Il titolo del testo non rende giustizia a una vicenda che vede allargarsi nel tempo la
rete dei soccorritori, sicché si sarebbe dovuto forse più propriamente scrivere di «giusti» al
plurale: ad essere coinvolti negli aiuti sono il segretario del Fascio repubblicano del paese,
Mirko Mussoni, ma anche il farmacista Giuseppe Olivi e gli impiegati comunali pronti
a falsificare i documenti di queste persone, più volte costrette a spostarsi per gli allestimenti sempre più impellenti della linea Gotica da parte dei tedeschi. Effettivamente, è la
dimensione della Gemeinschaft (comunità) quella che domina gli aiuti, in una rete di alleanze che taglia trasversalmente gli schieramenti politici. Nella lettera di augurio di buon
capodanno del 1944 di Ezio Giorgetti a Ziga Neumann, che, assieme al genero, si sarebbe
fatto carico di gestire i contatti col mondo esterno per favorire la protezione di tutto il
gruppo, affiorano le parole di un uomo semplice e generoso: «Sento tutta la dolcezza della
natura e vorrei coprirvi con tutto questo. Peccato: mi manca la prosa e sinceramente, vi
confesso, ne sono dolentissimo» (p. 121).
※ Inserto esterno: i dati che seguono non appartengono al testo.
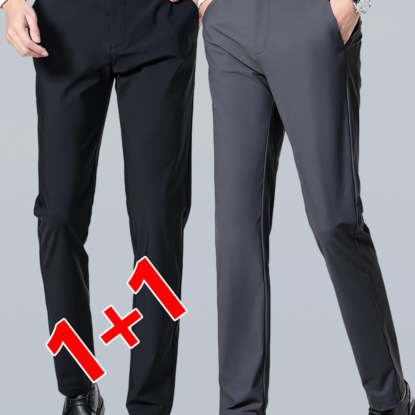 TEMU 2개 남성용 경량 비즈니스 캐주얼 드레스 팬츠 - 신축성 있는 폴리에스터-스판덱스 혼방, 레귤러 핏 미드라이즈 포켓, 세탁기 사용 가능, 봄/여름 사무실 및 공식 행사에 적합, 오피스 의상 | 노치드 라펠 디자인 | 다용도 패션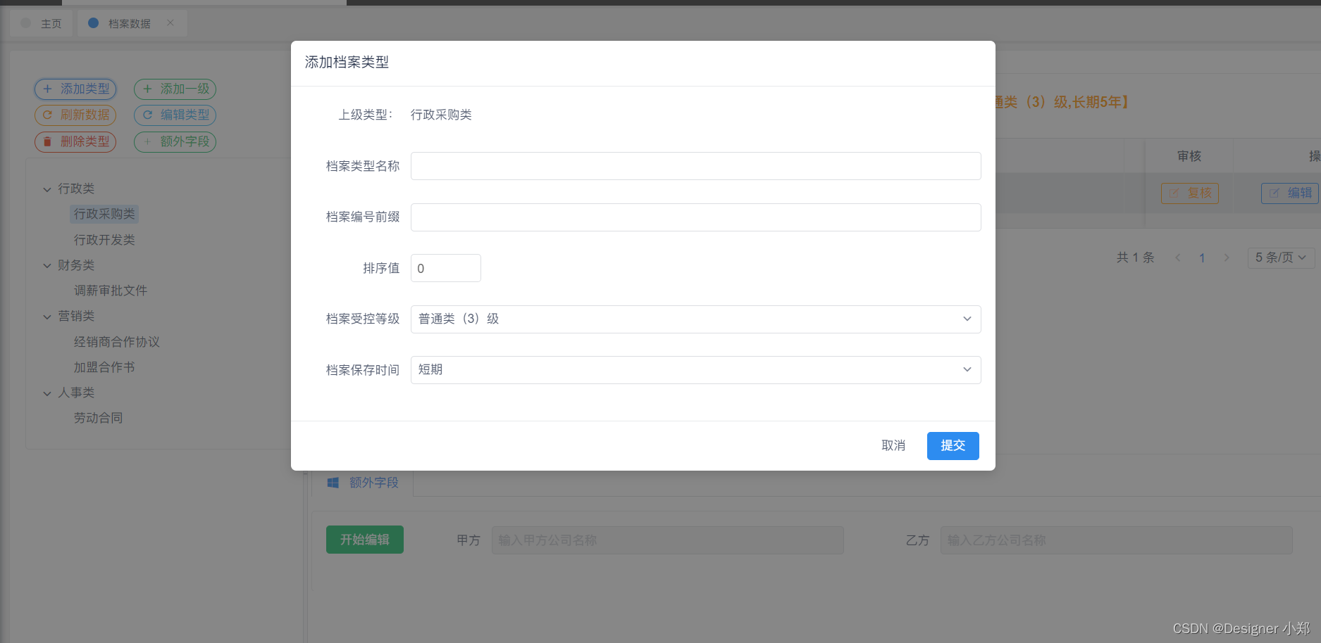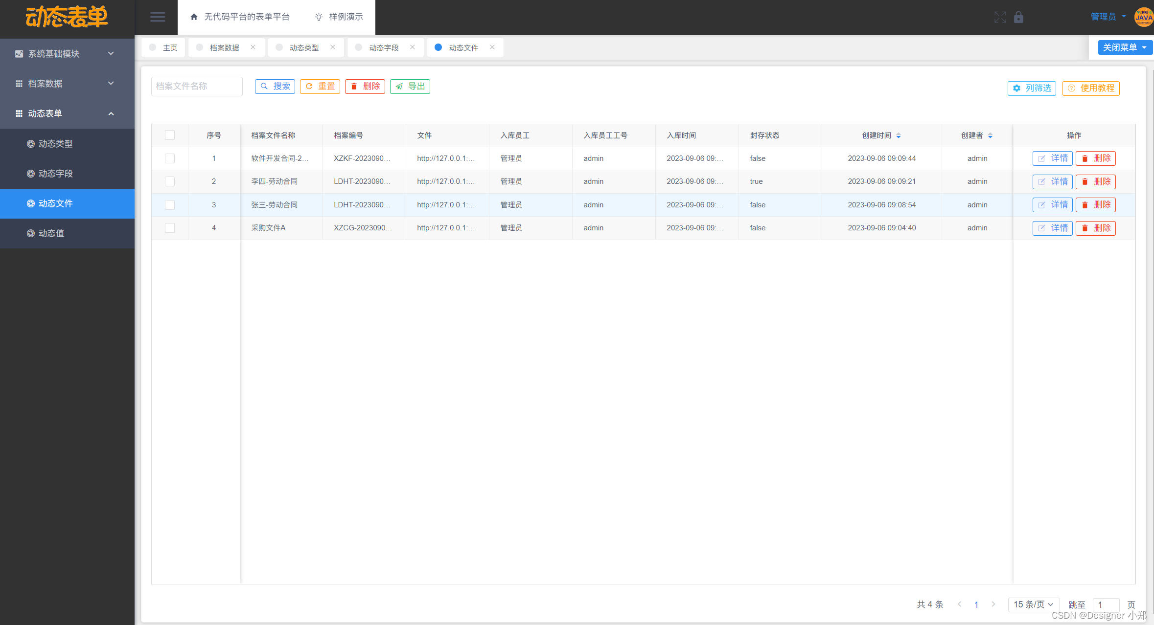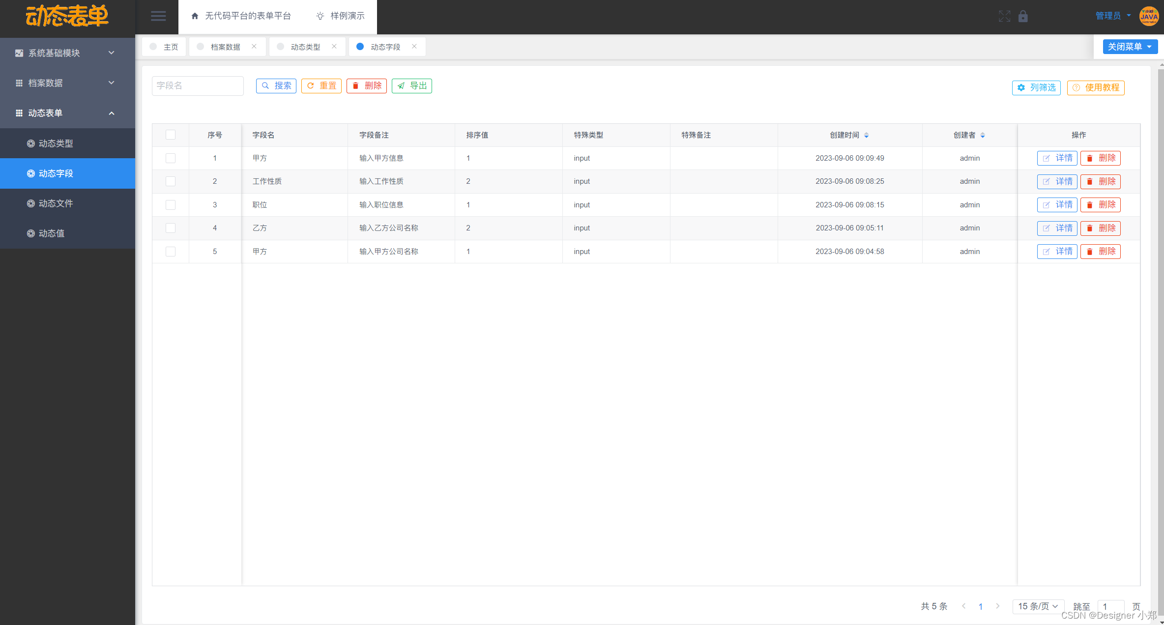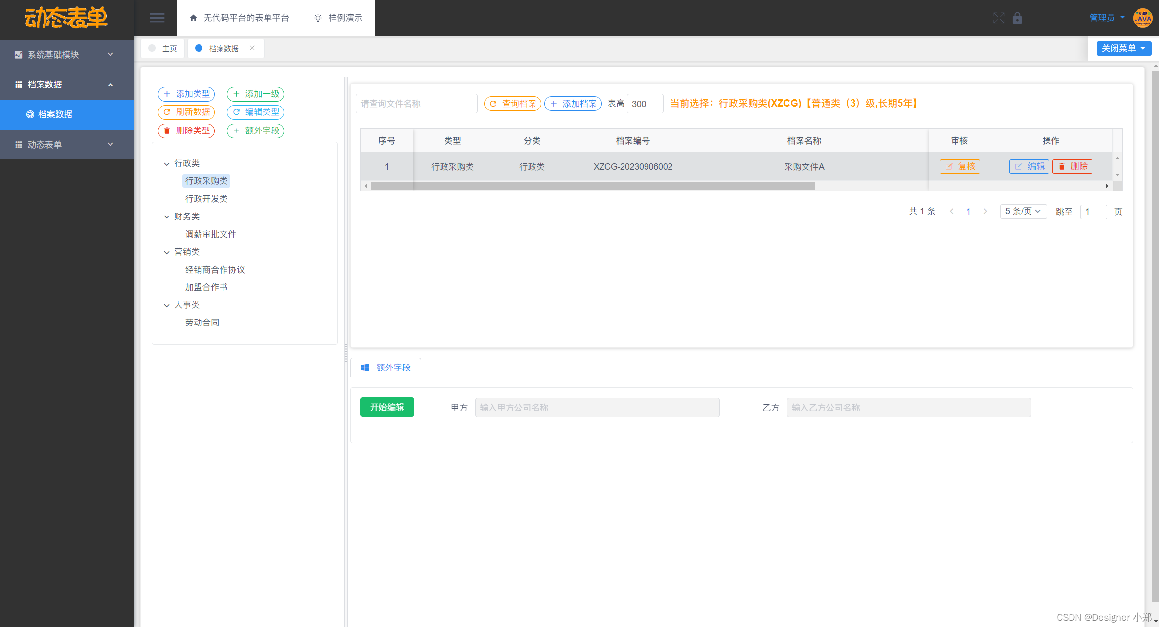 基于Vue+SpringBoot+MySQL的无代码平台的表单平台,包括了系统数据中心模块,用来存放管理系统通用的模块,另外分别设计了动态类型模块、动态文件模块、动态字段模块和动态值模块这四大模块,用于实现档案管理系统的核心表单逻辑。

Il tono «antieroico» del racconto è la parte più riuscita del libro, mentre penalizzante
è l’assenza di rigore scientifico: l’a. non sempre chiarisce da dove ricava le informazioni
che dà e le schede degli ebrei stranieri proposte in calce al volume si «ispirano» un po’
troppo al lavoro di Daniele Ceschin, In fuga da Hitler. Gli ebrei stranieri internati nel
trevigiano (1941-1943), 2008. Né mancano errori di contenuto, come quello secondo il
quale l’origine della Todt risalirebbe al 1938 (p. 61, nota 5), mentre invece venne istituita
nel 1933 e cioè nell’anno in cui Fritz Todt – da cui ne avrebbe più tardi mutuato il nome
– diventò ispettore generale per la rete viaria.